Kyra Cornelius Kramer

More Jezebel than Isabel

I recently wrote about Joan of England, Queen of Scotland, who is little known because she was a quintessentially nice young lady. Her mother, Isabella of Angoulême, was not such a nice young lady and as such she is a much more intriguing historical figure – albeit more famous in France than in England.

Why is Isabella more well-known in France when she was an English queen and the mother of King Henry III? Because she may have tried to poison King Louis IX, that’s why.

Isabella absolutely loathed Louis IX’s mother, Blanche of Castile. Blanche, like many other queens who were born of that stock, was a total badass warrior queen and as such she defended her family and her family’s inheritance tooth and nail. Isabella, no less steel-spined than Blanche, also strived to give her children everything it was within her power to secure them. One of the biggest sources of contention was the claims of Isabella’s son, Henry III, to French lands and Blanche’s defense of what she thought of as her son’s natural territory. Blanche furthermore wanted to keep the nobles from usurping governmental control from the king, and Isabella’s second husband, Hugh X, was one of those prominent French nobles. Isabella was additionally vexed when Blanche kept blocking Henry III’s attempts to wed the heiresses of French duchies. 

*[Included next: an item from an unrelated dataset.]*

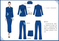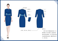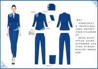 本作品名《蓝海之谜》灵感来源于海浪,“蓝”字和“浪”字相对应,海的深邃蓝及海浪的白色,突出一种沉稳、典雅、神秘的感觉。“蓝海”二字强调了职场人在职场中无限的可能性,不停前进的海浪就如同所有的职场人一样,有着强大的生机与活力,同时兼并着巨大的潜力和创新力。《蓝海之谜》系列运用了新中式元素,其中山海图案作为整个系列的特点,采用了中华优秀传统文化——刺绣手法来体现,整体服装风格刚柔并济。

Honestly, it is surprising the women didn’t come to blows.

The final straw for Isabella came in 1241, when Blanche was rude to her in court. That’s when the former queen of England decided to hit Blanch where it hurt the most – right in the monarchial authority. 

This so infuriated Isabella, who had a deep-seated hatred of Blanche for having fervently supported the French invasion of England during the First Barons’ War in May 1216, that she began to actively conspire against King Louis. Isabella and her husband, along with other disgruntled nobles, including her son-in-law Raymond VII of Toulouse, sought to create an English-backed confederacy which united the provinces of the south and west against the French king.

Henry III also came to help his mother and step-father, which resulted in the brief and ineffectual Saintonge War of 1242. When Henry was unable to make a decisive victory, Isabella and Hugh allowed themselves to be cajoled away from supporting the English king provided the French king (via Blanche) made it worth their while. Henry didn’t seem to bear his mother much ill-will over this, although thirteenth century English chroniclers practically crucified her for it.

Two years after the failed Saintonge War, two royal cooks were accused of trying to poison Louis IX. After a fair bit of torture, they confessed that Isabella had paid them handsomely to kill Blanche’s son. It seems a bit pat that the woman Blanche hated was the bad guy, no? Although it is unconfirmed, historical rumor suggests that she went into Fontevrault Abbey to escape Blanche’s wrath, rather than to atone for her sins the way many noblewomen did at the end of their lives. Isabella died on May 31, 1246, and is said to have requested that she be buried in the Abbey churchyard to make amends in death for her misdeeds in life. Whatever her misdeeds were, Henry III still loved her, and on a visit to Fontevrault, he “was shocked to find his mother buried outside the Abbey and ordered her moved inside, were she was re-interred beside John’s parents, Henry II and Eleanor of Aquitaine.”

Thanks to the historical writer’s efforts to brand Isabella as a troublesome strumpet, the errors of both King John of England and Hugh X of Lusignan were laid at her feet as well. 

… the St Albans monk, Roger of Wendover, also attributed the king’s inadequate defence of Normandy in 1203-4 to Isabella’s skills in ‘sorcery or witchcraft’. According to Wendover, John became so infatuated with Isabella that he remained inactive and adopted a cheerful demeanour in the face of the French invasion … Matthew Paris, Wendover’s successor at St Albans, went so far as to describe Isabella as a woman who was ‘more Jezebel than Isabel’.

What made Isabella a Jezebel? Was she unfaithful to her husbands? Promiscuous? Nope. As I explain in The Jezebel Effect, a woman like Isabella did what all true Jezebel’s do –  she was “a girl or woman who broke a gender based cultural taboo; she did something women aren’t supposed to do.” The taboo she broke? She wasn’t feminine enough; she was too manly. She was opinionated and warlike and ambitious for herself rather than only for her children. Women were just not supposed to have such fire in their belly. Good women were supposed to be meek and docile, dang it. Isabella was really bad at being good.